El centro del rock alteño se llama Wayna Tambo. Allí tocan las bandas de las dos ciudades adyacentes. Las hay con canciones en aymara en sus variantes punk o hardcore. Si uno echa un vistazo a los fanzines de los alrededores, va a encontrar más palabras en aymara que en cualquier revista de movimiento cultural o político reivindicativo. Mario Rodriguez asegura que bajo parámetros andinos, ellos reconvierten y resignifican otras expresiones culturales, que aportan a la construcción de una nueva simbólica o estética propia.

Desde la psiquiatría alguien podría acusarlos de esquizofrénicos, porque combinan locamente cosas que no tienen relación entre sí. Germán Guaygua rechaza la idea. Transitar del rock al tecno, pasar por el rap y terminar en un preste no produce angustia alguna entre los jóvenes alteños. Lo que pasa es que para darle coherencia a semejante ensalada tienen en sus manos el eje cultural ordenador de sus padres. Mario agrega: «Se transita de un lado a otro con mucha naturalidad, porque se tiene una matriz que está influyendo en todos esos espacios. Los híbridos no siempre eliminan las matrices». Al final la cosa es simple, el árbol tiene raíces y suelo nutriente en común, pero las hojas y frutos son de una diversidad inagotable.

Todo «casco»

Germán Guaygua menciona otro detalle. Cuando los jóvenes alteños no tienen dinero para parecerse a los muchachos de Los Ángeles o Nueva York, acuden a los productos de imitación. Los hay en abundancia en los recovecos de la feria de la zona 16 de Julio. A falta de importados directamente de Miami, buenos son los zapatos nike o reeboock considerados como truchos o cascos. Son las palabras usadas para pronunciar la impostura, que auxilia en esos momentos de urgencia de pertenecer al mundo, incluso con poco quivo.

Breve diccionario para los «viejos»

He aquí una breve lista de palabras necesarias para entender el coloquio de T’’inkazos y los artículos que lo secundan. Son algunos pilares de la jerga juvenil paceña probablemente ajenas para el lector de mayor edad o del extranjero.

Azul Azul: Grupo musical cruceño de cumbias.

Clavar un papo: Contar una mentira.

Chango: Joven.

Chojcho: Feo u ordinario. Alude a quien teniendo un origen indígena, trata de enfatizar su adscripción repentina a la cultura occidental.

El tinku Celia: «El juramento que hice, Celia, amarte toda la vida, Celia…». Canción de moda en ritmo de tinku, cuya versión en instrumentos electrónicos tiene muchos seguidores.

Fanzines: Palabra que mezcla los términos fan (fanático de algún grupo) y magazines (revistas). Son publicaciones normalmente dedicadas a la música y sus intérpretes.
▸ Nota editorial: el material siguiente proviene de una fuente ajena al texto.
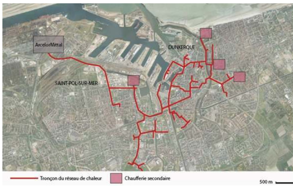
Figure 1. Organisation spatiale du réseau de chaleur de Dunkerque

pour fonction de rehausser la température du flux issu de la captation lorsque nécessaire, les autres sont des compléments de production dont la localisation est choisie dans le but de mailler spatialement le territoire desservi par le réseau (voir figure 1) 9 .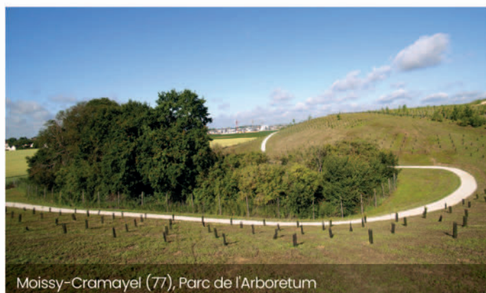
Moissy-Cramayel (77), Parc de l'Arboretum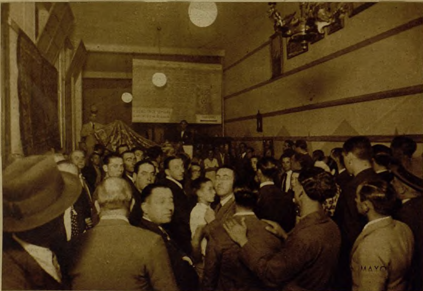
... Y las subastas "al martillo", instaladas en la Gran Vía, el Broadway de nuestro Madrid, que se moderniza (Fotos Mayo)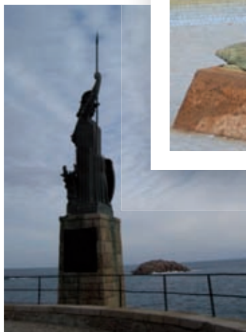
Tossa de Mar, platja gran: Minerva (1974)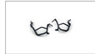
Explorer Motorschutz B5U-F43B0-00-00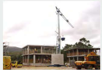
CRANES ITG 266.5A 26 M 2006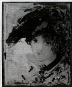
"CABEZA COLLAGE", técnica mixta, 46 x 38 cm

C/ Andrés Torrejón, 8 (Frente a la Real Fábrica de Tapices) 28014 Madrid • Tel. 91 501 78 91 • Fax 91 501 78 92 www.la-pinacoteca.com • info@la-pinacoteca.com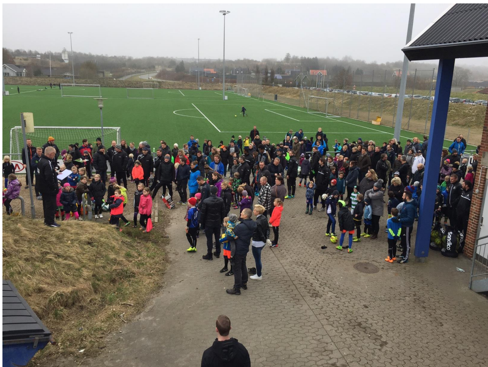
Alle bydes velkommen

Spillerne og deres forældre blev budt velkommen til sæsonstarten, hvorefter det var tid til at komme ud i sine årgange og få trænet en lille smule.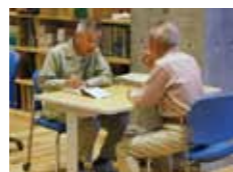
園芸相談コーナー 食育・花育センター1F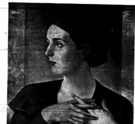
„Portret p. L. L.” (olej)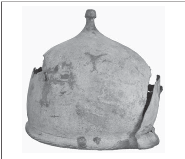
Рис. 2. Шолом типу Монтефортіно А/В (Білгород-Дністровський краєзнавчий музей)

му Причорномор'ї, тому жодних археологічних підстав для гіпотези про малоазійське (галатське) походження цих речей, а також їхніх господарів-сарматів, учасників малоазійських походів Мітрідата VI Евпатора, немає (Зайцев 2008, с. 7, 11). Сама гіпотеза була названа не інакше як «казусом вітчизняної сарматології» (Зайцев 2007).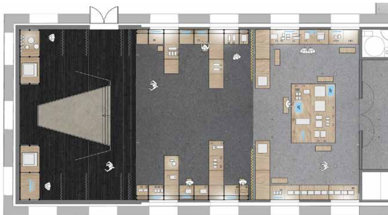
Avant-projet La Scène © ATELIERS ADELIN RISPAL, architectes scénographes

Dans une approche pédagogique et immersive, les différents savoir-faire se conjuguent pour donner vie à une scénographie. De nombreux objets - croquis, dessins, maquettes de décors en volume, plans, accessoires, outils, échantillons de matériaux divers, extraits et entretiens audiovisuels - en provenance d'institutions ou de compagnies théâtrales, de maisons d'opéras, nationales ou en région, d'écoles de formation, donnent les clés de compréhension et de découvertes de ces métiers peu connus du public. Pour rendre encore plus sensible la découverte de ce qui compose la scénographie d'un spectacle, un focus sur une création théâtrale est ici présentée grâce à la collaboration de la Comédie-Française. Éric Ruf , administrateur de la Comédie-Française et scénographe, a accepté de présenter son travail pour la pièce d'Edmond Rostand, Cyrano de Bergerac , mise en scène par Denis Podalydès à la Comédie-Française en 2006. Dans ce décor à taille réelle, le visiteur devient acteur et foule les planches d'une scène de théâtre et en découvre même les coulisses !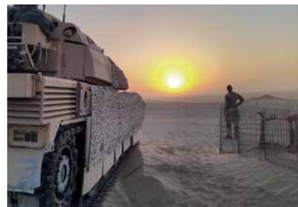
Aguerissement dans le désert.

Heavy (jebi): Pesado en inglés. Da a entender que se trata de algo duro o denso.

Khantus: Grupo de música autóctona compuesto por instrumentos de viento y percusión.

Kits: Zapatos deportivos.

La gran BU y Cartel Central: Dos de las pandillas más poderosas de La Paz.

Nuevaolero: Forma antigua de nombrar a lo juvenil o moderno.

Ñata: Chica o enamorada.

Preste: Fiesta sujeta a las normas de la reciprocidad andina.

Quivo: Dinero.

Relajear: Tener intimidad corporal con alguien, es propio de enamorados y «agarrones» (parejas pasajeras)

Rockalla: Palabra inventada por algún pícaro sociólogo. Es una mezcla de llockalla (chico o joven varón en aymara) y rock. Alude a un muchacho aymara consagrado a la cultura del norte (de América).

Ser de la high (jai): Ser rico, de quivos.

Sikuriada: Música autóctona.

Tojpa: grupo de gente.

Trucho y casco: Objetos o productos industriales simulados. Son imitaciones de sus homólogos de marca fina.

Underground: Subterráneo en inglés. Se refiere a las subculturas escondidas o marginales de una sociedad.

Viejo/a: Padre o madre.

Wayna Tambo: Local alteño de encuentro cultural. Allí se reúne el movimiento rockero de la ciudad.